Closed VinhLoiIT closed 4 years ago

VinhLoiIT commented 4 years ago

🚀 Feature

As title

Motivation

I'm currently working with Seq-to-seq architecture, which requires a variable called max_length when decoding outputs. I mean, while training, it could be fixed as a model hyperparameter. However, during testing, we could vary its value to make predict longer or shorter in need.

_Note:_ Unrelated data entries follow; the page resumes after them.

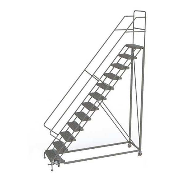 156 in H Steel Rolling Ladder, 12 StepsSKU G2232959Categories Material HandlingDescription Rolling Ladder, Material Steel, Platform Height 120 in, Handrails Included Yes, Handrail Height 36 in, Overall Height 156 in, Number of Steps 12, Unassembled, Load Capacity 450 lb, Step Tread Perforated, Platform Depth 17 in, Platform Width 24 in, Bottom Width 35 in, Base Depth 116 in, Overall Width 35 in, Climbing Angle 50 Degrees , Step Depth 8 1/2 in, Step Width 24 in, Ladder Actuation Foot Activated Step Lock, Finish Powder Coated, Color Gray, Standards ANSI, OSHAgraingerSKU: 25NV56, mscSKU: , zoro_no: G2232959, mongo_id: 65bbe8ef22d7a989a9924ff4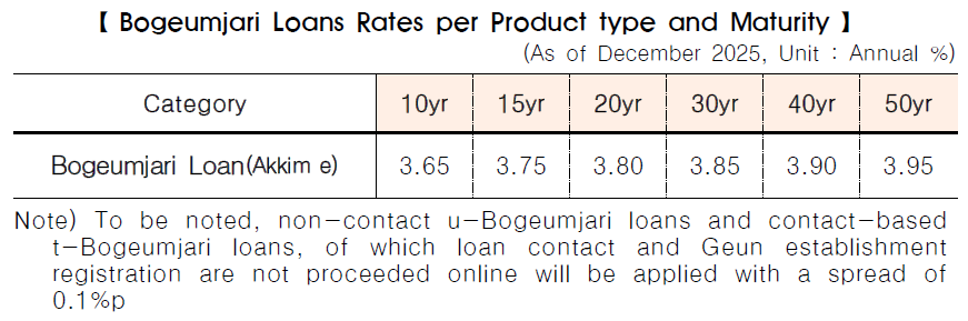 ㅇ Accordingly, the interest rates of ‘Akkim-e’ Bogeumjari loans will maintain the range of 3.65%(10-year maturity) and 3.95%(50-year maturity).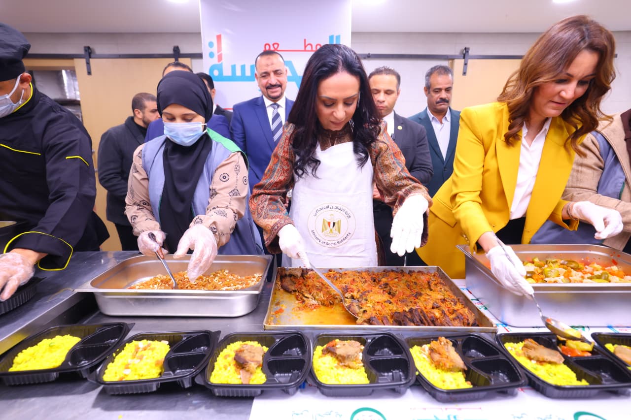 وزيرة التضامن تشارك فى إعداد إطعام المحروسة بالوراق وتقديم 2000 وجبة يوميا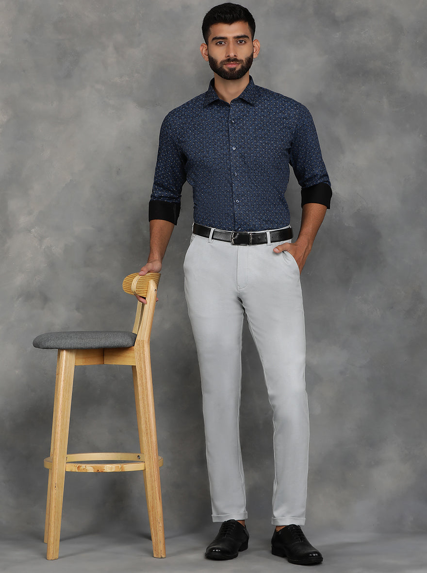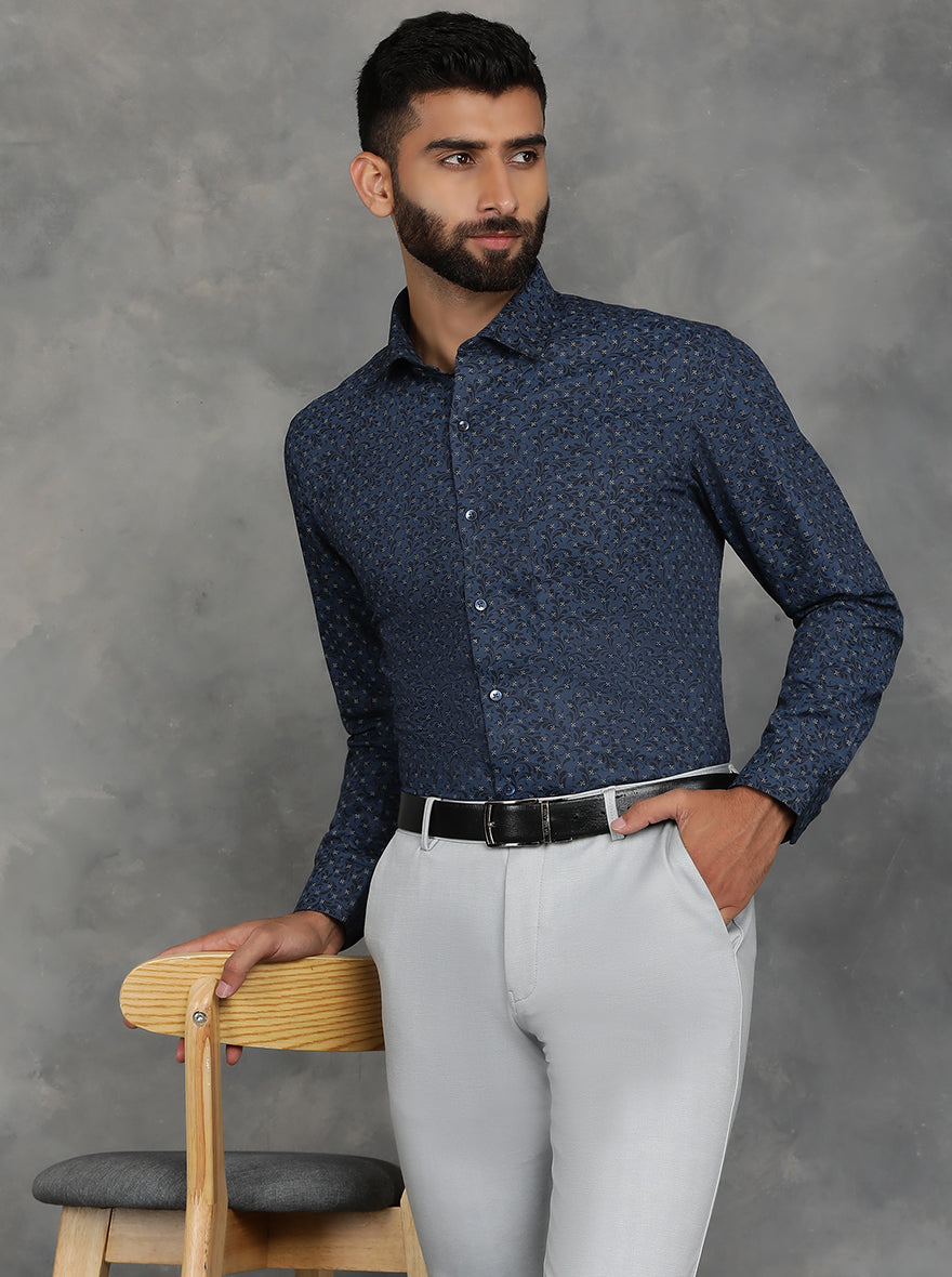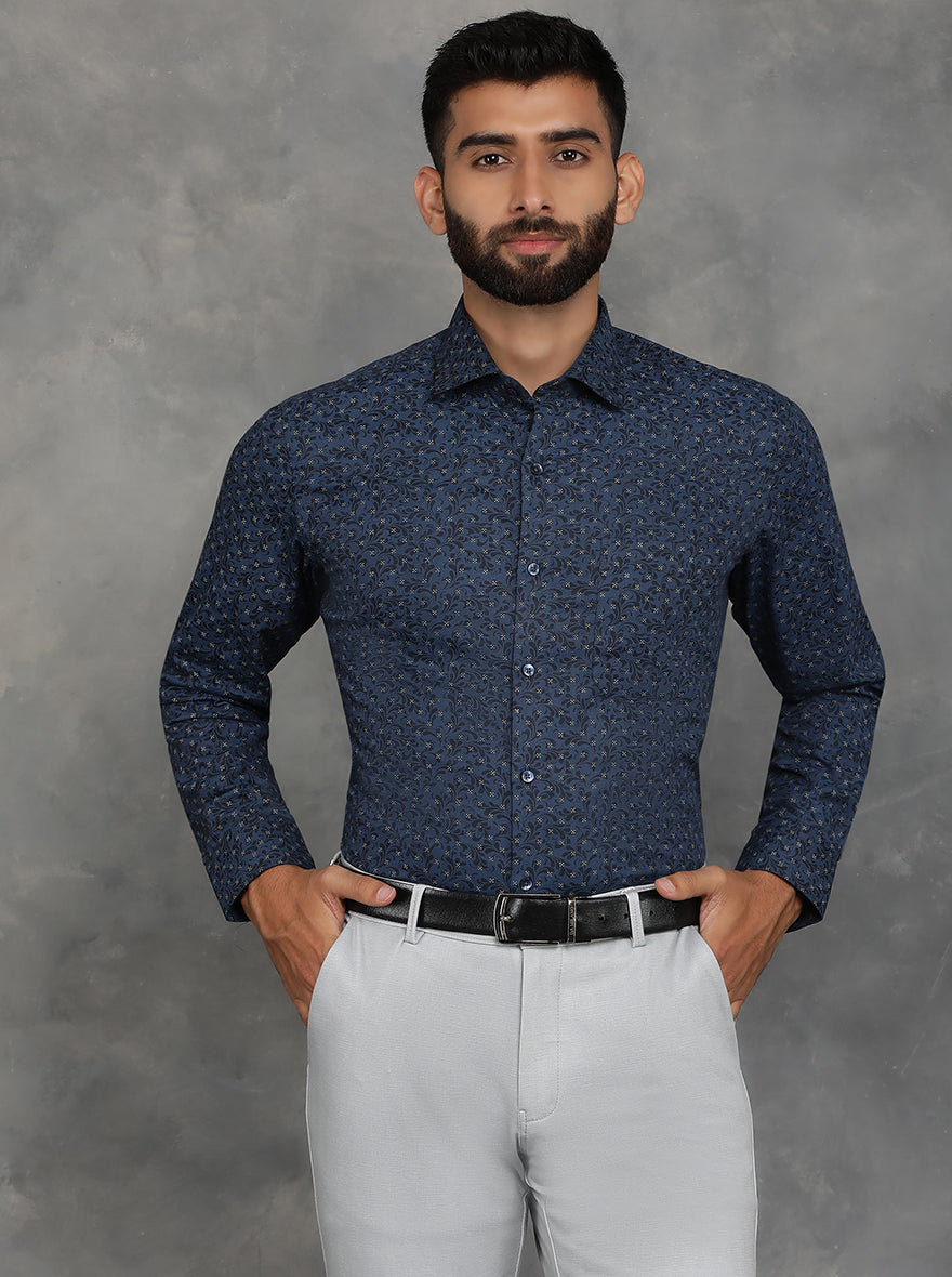 Navy Blue Printed Slim Fit Formal Shirt | GreenFibre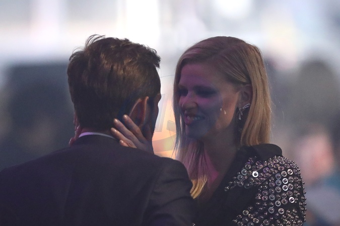 Lara Stone i jej chlopak caluja sie na gali AMFAR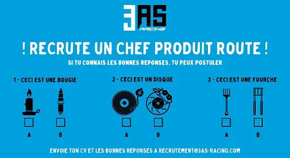 3AS RACING RECRUTE UN CHEF PRODUIT ROUTE Vente en ligne équipements et accessoires moto. Poste à pourvoir dès maintenant 39h...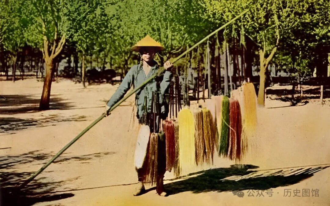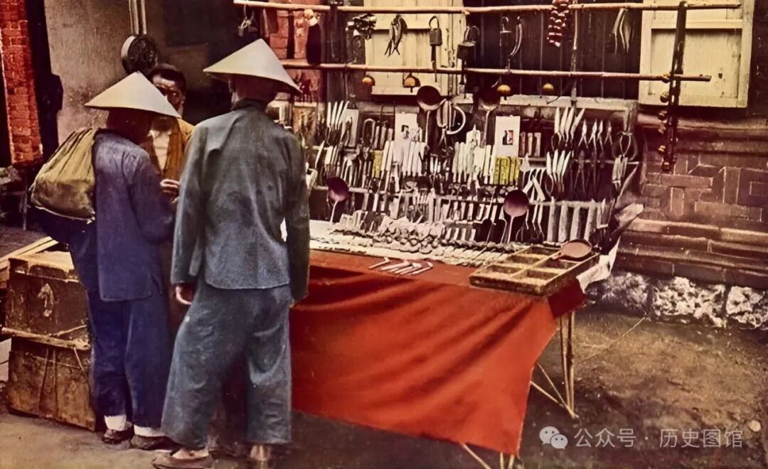 两名戴着斗笠的顾客,站在摊位前选购商品,小贩热情地向他们推荐自己的产品。这样的流动小贩,和现在的街边夜市地摊很相似。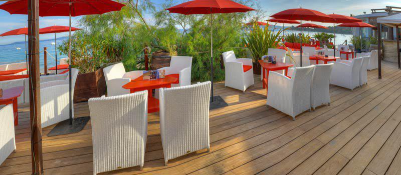 C’est au sein de ce petit bijou qui allie esthétique et confort qu’une équipe dynamique vous offre un service chaleureux et de qualité. C’est un véritable complexe agréable pour passer un moment unique les pieds dans l’eau sur la plage face aux Iles d’Or et au Cap Nègre. Vous y trouverez des espaces propices à la détente, mais aussi un restaurant aux spécialités méditerranéennes et au feu de bois. Vous pourrez déguster nos poissons frais et sauvages, nos belles viandes sélectionnées mais aussi des plats cuisinés à base de produits frais.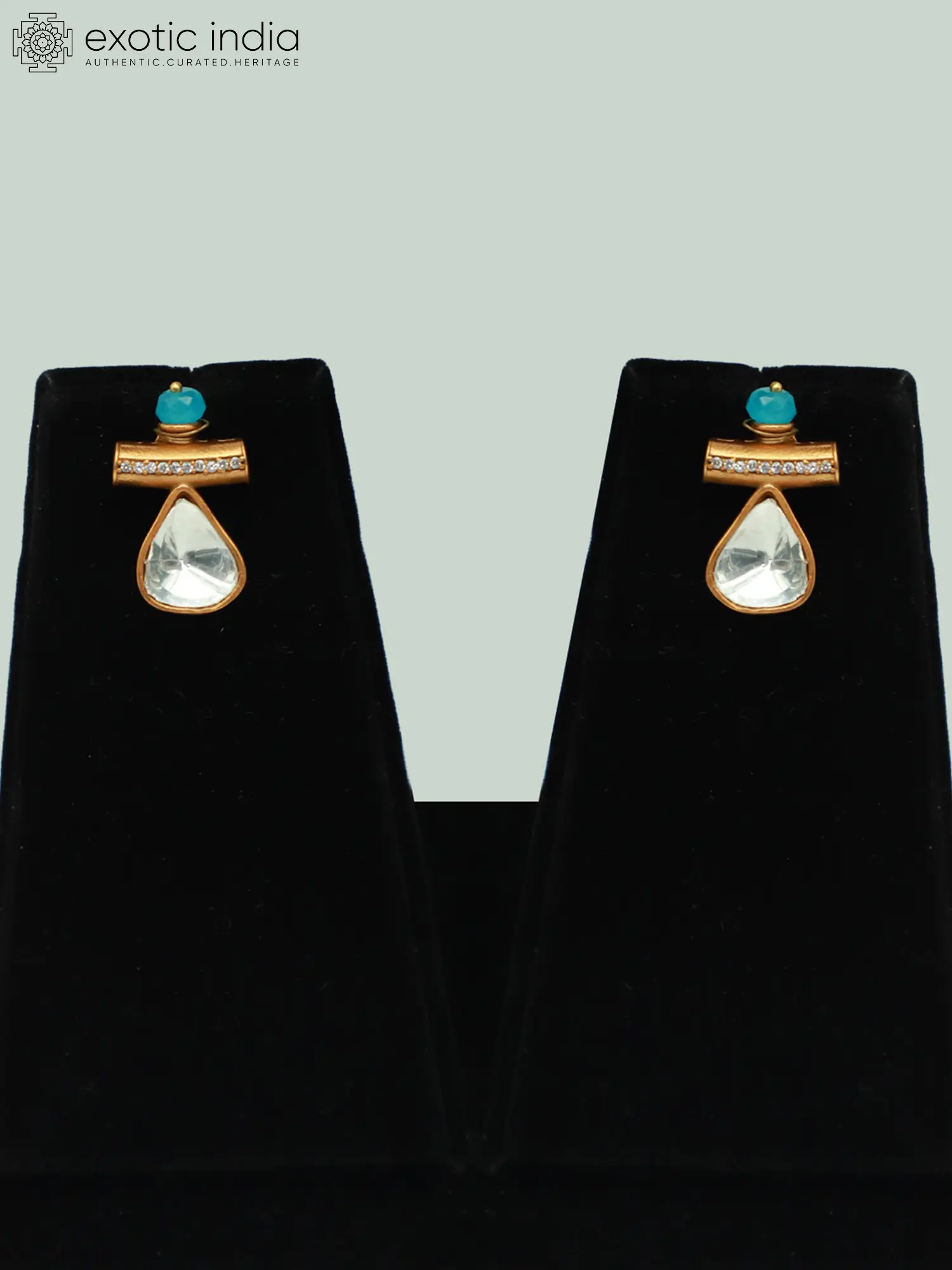 The necklace features a gracefully curved silhouette, reminiscent of the classic Hasli design, which sits comfortably around the neck. Pear-shaped Moissanite Kundan stones are carefully arranged along the curve, each one catching the light beautifully. These stones, known for their brilliance and durability, are set in a brass base that provides a strong and lasting foundation. Interspersed between the Moissanite stones are small, round accents, adding depth and dimension to the overall design. The matt polish finish of the brass provides a subtle, understated sheen that complements the brilliance of the stones without overpowering them. The matching earrings echo the design of the necklace, featuring a single pear-shaped Moissanite Kundan stone suspended from a delicate brass fixture. The earrings are lightweight and comfortable to wear, making them ideal for both everyday wear and special occasions.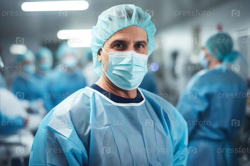 Портрет хирурга, стоящего в операционной с коллегами на заднем плане
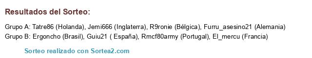 Lista de participantes: El_mercu (Francia), Guiu21 ( España), Furru_asesino21 (Alemania), Ergoncho (Brasil), Rmcf80army (Portugal), Tatre86 (Holanda), Jemi666 (Inglaterra), R9ronie (Bélgica).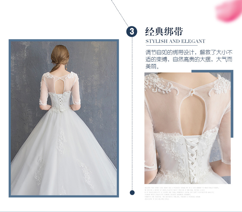 【春夏上新】長いドレン主ウェルディー2018新型新婦結婚洋風ストV襟花女オフルドール長袖ホワイトドレンウエディングドレスにアクセサリーS 3点セット
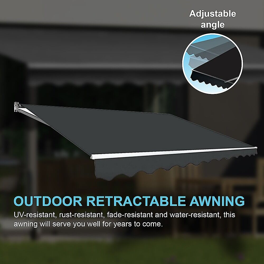 $405.13With summer just around the corner, it's time to start preparing your home to handle scorching heat and the sun's incessant rays. Bariloche's 3 x 2.5m folding arm outdoor retractable awning is just the thing to protect you from the hot summer sun. Since it folds up easily with only the turn of a hand crank when you don't need its protection, you can retract it when you want more sunshine. Wall brackets make for easy installation, yet we do recommend you use a professional installer to make sure the installation is done right.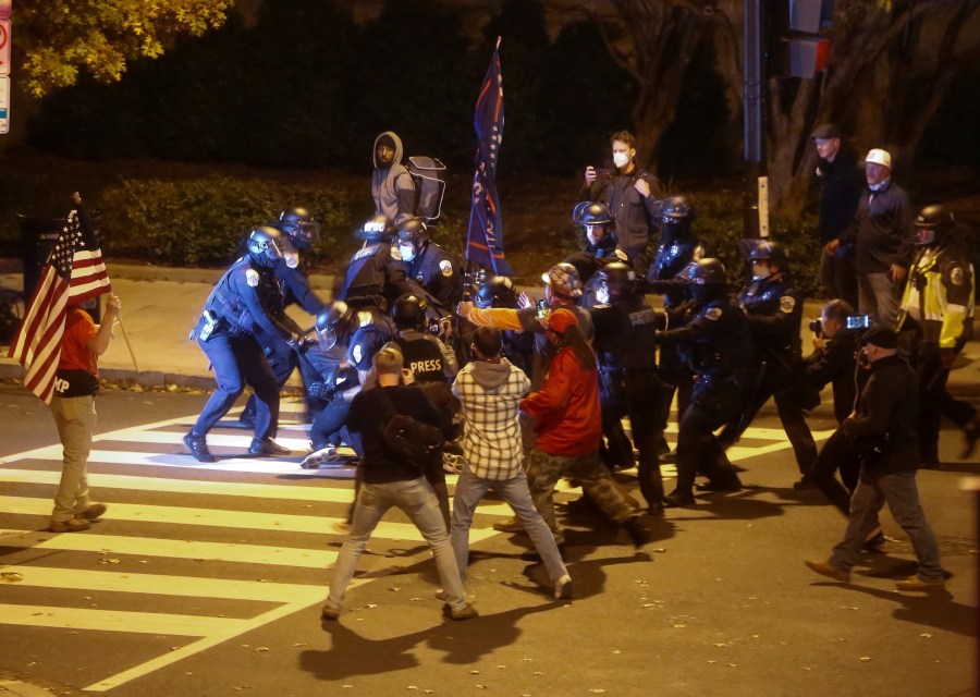 WASHINGTON (NewsNation Now) — Several thousand supporters of President Donald Trump in Washington protested election results Saturday afternoon before nighttime clashes with counter demonstrators sparked fistfights, at least one stabbing and at least 21 arrests.

Therefore, I think there should be a way to pass other arguments in the validating/testing phase to make it more flexible, especially with argparse. This also helps in case we have different strategies during evaluating, such as I could select either greedy or beam search algorithms.

For example: I could run

# training model with max_length = 15 and using Greedy (as default) to save training time
python train.py --max_length 15

# eval model with a longer length and use Beamsearch to increase performance
python eval.py epoch=0.ckpt --max_length 20 --using_beamsearch
github-actions[bot] commented 4 years ago

Hi! thanks for your contribution!, great first issue!

ydcjeff commented 4 years ago

@VinhLoiIT you could try this argparse docs and its best practices

stale[bot] commented 4 years ago

This issue has been automatically marked as stale because it hasn't had any recent activity. This issue will be closed in 7 days if no further activity occurs. Thank you for your contributions, Pytorch Lightning Team!